The largest study of CRISPR action to date has developed a method to predict the exact mutations CRISPR-Cas9 gene editing can introduce to a cell. Researchers at the Wellcome Sanger Institute edited 40,000 different pieces of DNA and analyzed a thousand million resulting DNA sequences to reveal the effects of the gene editing and develop a machine learning predictive tool of the outcomes. This will assist researchers who are using CRISPR-Cas9 to research disease mechanisms and drug targets.

Reported this week in Nature Biotechnology, the new resource will enable scientists to predict the best sequences to target to make CRISPR-Cas9 gene editing more reliable, and therefore cheaper and more efficient.
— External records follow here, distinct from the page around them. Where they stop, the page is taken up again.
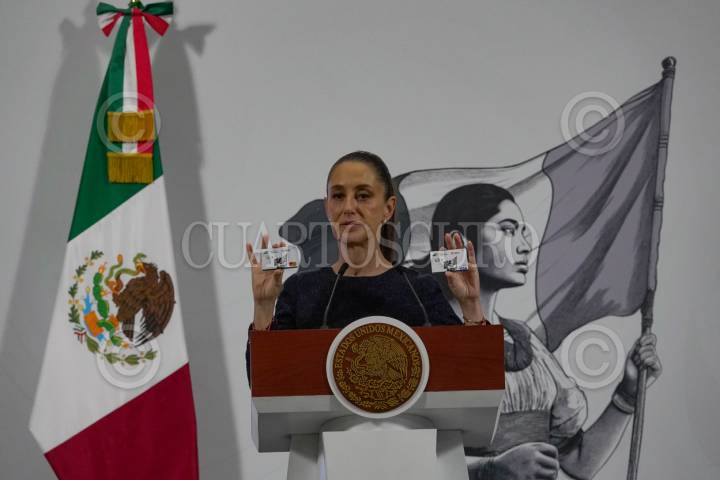 CIUDAD DE MÉXICO, 18JULIO2025.- Claudia Sheinbaum, presidenta de México, durante la Conferencia del Pueblo, mostrando las tarjetas de Financiera Bienestar para el tema de remesas y apoyo a los migrantes en Estados Unidos. FOTO: ROGELIO MORALES /CUARTOSCURO.COM
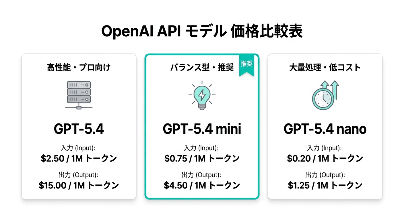 - 主なモデル: GPT-5.4(高性能)、GPT-5.4 mini(バランス)、GPT-5.4 nano(安価・大量処理)
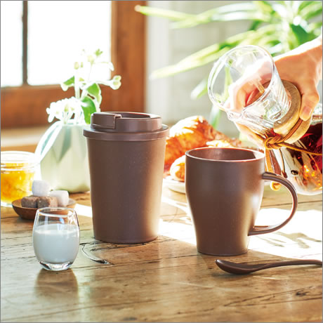 使い勝手のいいスプーン付きが嬉しいマグカップ。落ち着いたブラウンカラーはどんな場面にも馴染みます。
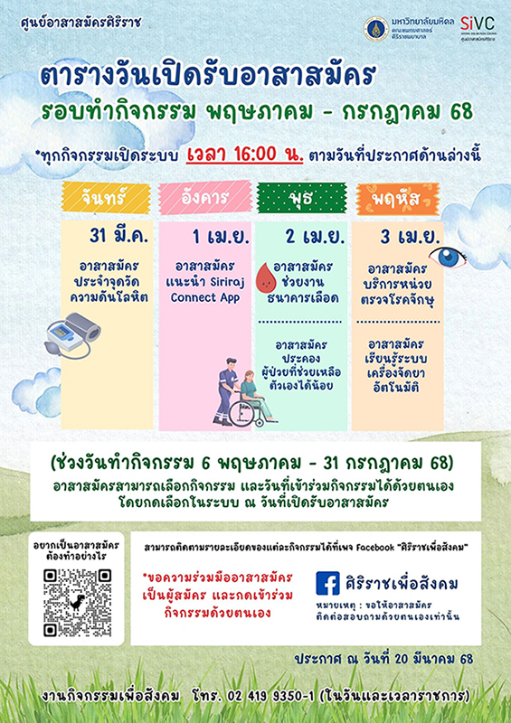 ตารางการรับอาสาสมัครรอบทำกิจกรรม เดือน พฤษภาคม – กรกฏาคม 68 (กิจกรรมที่อยู่ในเว็บไซต์ตอนนี้เป็นรอบเก่ามีผู้เข้าร่วมเต็มทั้งหมดแล้วค่ะ รอบใหม่จะเปิดตามวันเวลาที่แจ้งด้านล่างนี้เท่านั้น*) ขอให้อาสาเป็นผู้สมัครและกดเลือกกิจกรรมด้วยตนเองนะคะ - 31 ก.ค. 68 **เนื่องจากวันที่ 5 พ.ค. เป็นวันหยุด จะขอเริ่มตั้งแต่วันที่วันที่ 6 พ.ค. เป็นต้นไปนะคะ (ยกเว้นวันหยุดราชการ และวันหยุดนักขัตฤกษ์) การเปิดระบบ ทุกกิจกรรมจะขึ้นให้กดในเว็บไซต์ คลิก (หน้าแรก เวลา 16.00 น. เป็นต้นไป ตรงกิจกรรมที่กำลังจะเกิดขึ้น) หากเต็มระบบจะขึ้นว่าเต็มและไม่สามารถกดเข้าร่วมได้ *ระบบจะเปิดในวันตามตารางที่แจ้งไว้เท่านั้น ตอนนี้จะยังไม่มีกิจกรรมขึ้นค่ะ/ครับ วันที่เปิดระบบ - 31 มีนาคม 68 เปิดระบบรับอาสาสมัครประจำจุดวัดความดันโลหิต - 1 เมษายน 68 เปิดระบบรับอาสาสมัครแนะนำ Siriraj Connect Application - 2 เมษายน 68 เปิดระบบรับอาสาสมัครช่วยงานธนาคารเลือด + อาสาสมัครประคองผู้ป่วยที่ช่วยเหลือตัวเองได้น้อย - 3 เมษายน 68 เปิดระบบรับอาสาสมัครบริการหน่วยตรวจโรคจักษุ + อาสาสมัครเรียนรู้ระบบเครื่องจัดยาอัตโนมัติ รายละเอียดของแต่ละกิจกรรม :https://www.facebook.com/share/p/18VUyosCov/ *น้องอาสาสมัครอย่าลืมสมัครสมาชิกไว้ก่อน (สำหรับผู้ที่ยังไม่เคยสมัคร) และในวันที่เปิดระบบ อย่าลืม!! ล็อคอินเข้าสู่ระบบเพื่อรอเวลาเปิดกิจกรรมและเลือกวันทำกิจกรรมด้วยตนเอง*** . อาสาสมัครสามารถเลือกวันทำกิจกรรมได้ด้วยตนเองค่ะ กี่วันก็ได้ แต่ขอให้เป็นวันสามารถที่มาปฏิบัติงานได้จริง และขอให้ตรวจสอบวันที่ตัวเองเลือกทุกครั้ง หากพบว่าไม่สามารถมาทำกิจกรรมได้ในวันไหน รบกวนแจ้งทางศูนย์อาสาสมัครล่วงหน้าอย่างน้อย 1-2 สัปดาห์ค่ะ . .***ทุกกิจกรรมมีใบรับรองการทำกิจกรรมจิตอาสา (ระบุชั่วโมงจิตอาสาตามชั่วโมงที่มาปฏิบัติงานจริง) 1 วันก็ได้รับใบรับรองค่ะ/ครับ ขอให้อาสากดเข้าร่วมเฉพาะวันที่สามารถมาทำกิจกรรมได้เท่านั้น ไม่กดเผื่อเลือก ทางศูนย์ฯ จะมีระบบ Blacklist หากอาสาสมัครไม่สามารถมาร่วมกิจกรรมในวันที่ได้กดเข้าร่วมไว้ได้โดยไม่มีการแจ้งยกเลิกล่วงหน้า ทุกกิจกรรมมีใบรับรองให้ตามชั่วโมงที่ปฏิบัติงานจริงของแต่ละกิจกรรม* สอบถามข้อมูลเพิ่มเติม : งานกิจกรรมเพื่อสังคม โทร. 02 419 9350 -1 / 02 419 9065 หรือ ช่องแชทผ่าน facebook "ศิริราชเพื่อสังคม" (ในวันและเวลาราชการเท่านั้น)
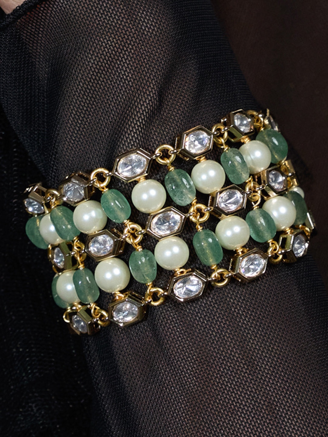 A graceful fusion of pastel green, white, and gold-pleted beads, this handcrafted cuff bracelet offers a balanced, elegant look — ideal for ethnic wear or classy everyday styling.
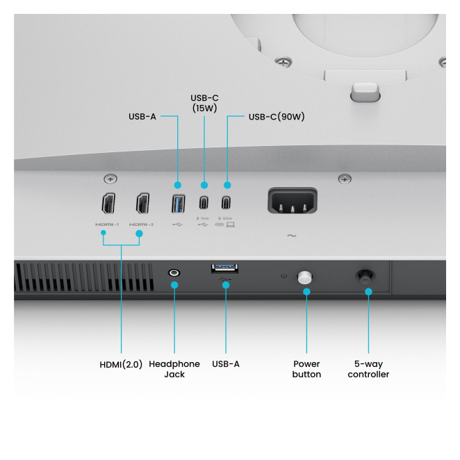 El monitor BenQ MA270U tiene un puerto USB Type-C y un puerto USB descendente de tipo A, ofreciendo flexibilidad para conectar diversos dispositivos.
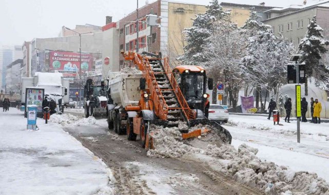 Van Büyükşehir Belediyesi karla mücadele ekipleri 24 saat içerisinde 600 kamyon ile toplam 9 bin ton karı şehir dışına taşıdı.
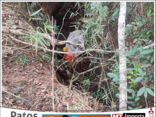 Corpo de Bombeiros resgata bezerro preso em grota de 12 metros de profundidade na zona rural de Tiros

CRISPR-Cas9 is a gene editing technology that enables researchers to cut DNA at any position in the genome, to create mutations and switch off specific genes. This vital technology is used by scientists worldwide to study which genes are important for various conditions, from cancer to rare diseases. It is also now being trialled therapeutically to correct harmful mutations in people's genes.
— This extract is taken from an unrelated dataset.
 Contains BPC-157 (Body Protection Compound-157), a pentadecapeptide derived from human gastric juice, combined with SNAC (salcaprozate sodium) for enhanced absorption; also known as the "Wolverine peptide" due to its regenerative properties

A specific guide RNA binds to an exact sequence of target DNA, guiding the Cas9 'scissors' to cut the DNA at the right place. However, it is difficult to predict exactly what the final mutations will be, as further changes often take place when the cell repairs the break, rejoining the two cut ends of the DNA.

To study this, the researchers created more than 40,000 pairs of different target DNA and guide RNA, and carried out CRISPR-Cas9 gene editing. By deep sequencing of each pair in different cells, they were able to analyze in detail how the DNA was cut and rejoined. They found that the repair depended on the exact sequence of DNA and guide and discovered that it was reproducible within the same sequence.

The researchers then used the huge quantity of sequence data to create a machine learning computational tool, which created general rules to determine the outcome of the repair. This program—called FORECasT—enabled them to predict the repaired sequence, using the targeted DNA sequence alone.

Dr Luca Crepaldi, joint first author on the study from the Wellcome Sanger Institute, said: "We have carried out the largest, most comprehensive study on CRISPR-Cas9 action to date, and analyzed more than a thousand million DNA sequences to allow us to study the process. We demonstrated that specific target sequences were repaired by the cell in the same way, proving that the action of the cell mechanisms is reproducible."

Dr Felicity Allen, joint first author from the Wellcome Sanger Institute, said: "The discovery of reproducible DNA repair after CRISPR-Cas9 editing, combined with the vast amount of sequence data we generated, meant that we could create a predictive tool using machine learning methods. Our resource can predict the exact mutations resulting from CRISPR-Cas9 gene editing, just from the sequence of the target DNA. It will save time and resources for future CRISPR-Cas9 applications, and is openly available for use by all researchers using gene editing to study health and disease."

Dr Leopold Parts, senior author on the paper from the Wellcome Sanger Institute, said: "CRISPR-Cas9 is an extremely important system for introducing mutations into DNA for research, and prospective therapeutic purposes. Our research allows scientists to understand its workings much better, and our transformational method enables people to predict the effects of each CRISPR-Cas9 edit in a cell. This allows better design of editing experiments, and may lead to future therapeutic applications."